The dramatic FA Cup final shoot-out, the tense (and ultimately rigged, in my opinion, all’italiana) race for fourth place in the Premiership, the return of Barcelona as Champions of Europe – it all passed without so much as a murmur over here. Same with the Eurovision Song Contest. Nobody cared, except maybe the one guy I met wearing a Barcelona shirt, who innocently wondered if I supported Arsenal, and received a look so foul it would have turned an M&M sour. And yet there can be no doubt about it – this week is the End of the Season: the TV Season. All the long distance shows have been running since September (‘Lost’, ‘Gray’s Anatomy’, ‘Desperate Housewives’, to name but a few), and are all culminating in their own two-hour season finale Cup Finals. I fully intend to sing ‘Abide With Me’ before tomorrow’s ‘Lost’. I have a feeling that one will end in some sort of shoot-out as well.

The American TV Season is one of the big cultural differences between Britain and the US. In the UK, a series will often last for six, maybe even eight episodes; an American show will last for over twenty. But how do you stretch twenty episodes into almost forty weeks? What they do here is they show a few new episodes, then they repeat some, then some new ones, then some repeats (pronounced re-peats, not re-peats). In this way, the suspense is, well, suspended. And it can be really irritating, not least because there appears to be little pattern of when they will show repeats and when they will show new episodes, making the series incredibly frustrating to follow. The repeats they show are equally arbitrary – they have no order, they serve no purpose, other than to rest star players. It is as if Claudio Ranieri is in charge of the TV networks (actually, I really wish he were).

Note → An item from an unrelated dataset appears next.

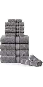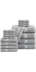 LANE LINEN Towel Set of 12 – 100% Ring-Spun Cotton, Zero Twist, 4 Large Bath ...
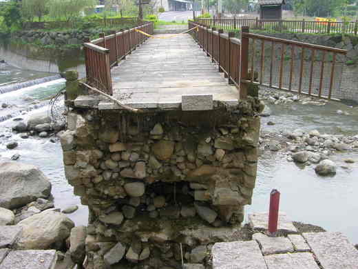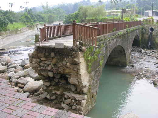 嘉義縣竹崎鄉著名的清水溪日式古橋石拱橋,歷經八七水災、921、1022大地震,以及賀伯、納莉、桃芝、敏督利、艾利等颱風豪雨,都沒有毀壞橋梁,但88水災被無情的大水和巨石沖毀橋頭,村長王松茂很難過的說,大水過後應該還會有大量魚群在清澈的溪流中出現。

I have no idea what will take place during the summer. I would like to see all the different shows get together and have their own World Cup – we could see Eastenders vs Sex and the City, or at the very least a fist-fight between Jeremy Paxman and those imbeciles on ABC News10. I would pay good money for that, really good money. Who knows, this might even be one World Cup where the English actually beat the Germans. I’ll settle for the real thing; though I know they will show some matches, I will be watching it for the most part on the Mexican channels (that is, when I come back form my holiday to BBC land). Speaking of which, you know the way films sometimes have different names here? Well that film ‘Goal’ is currently listed in theatres here with the catchy title ‘Goal: The Dream Begins’, while in Mexico it is listed as ‘Gooooooooooooooooooooooooooooool!’. Strange but true.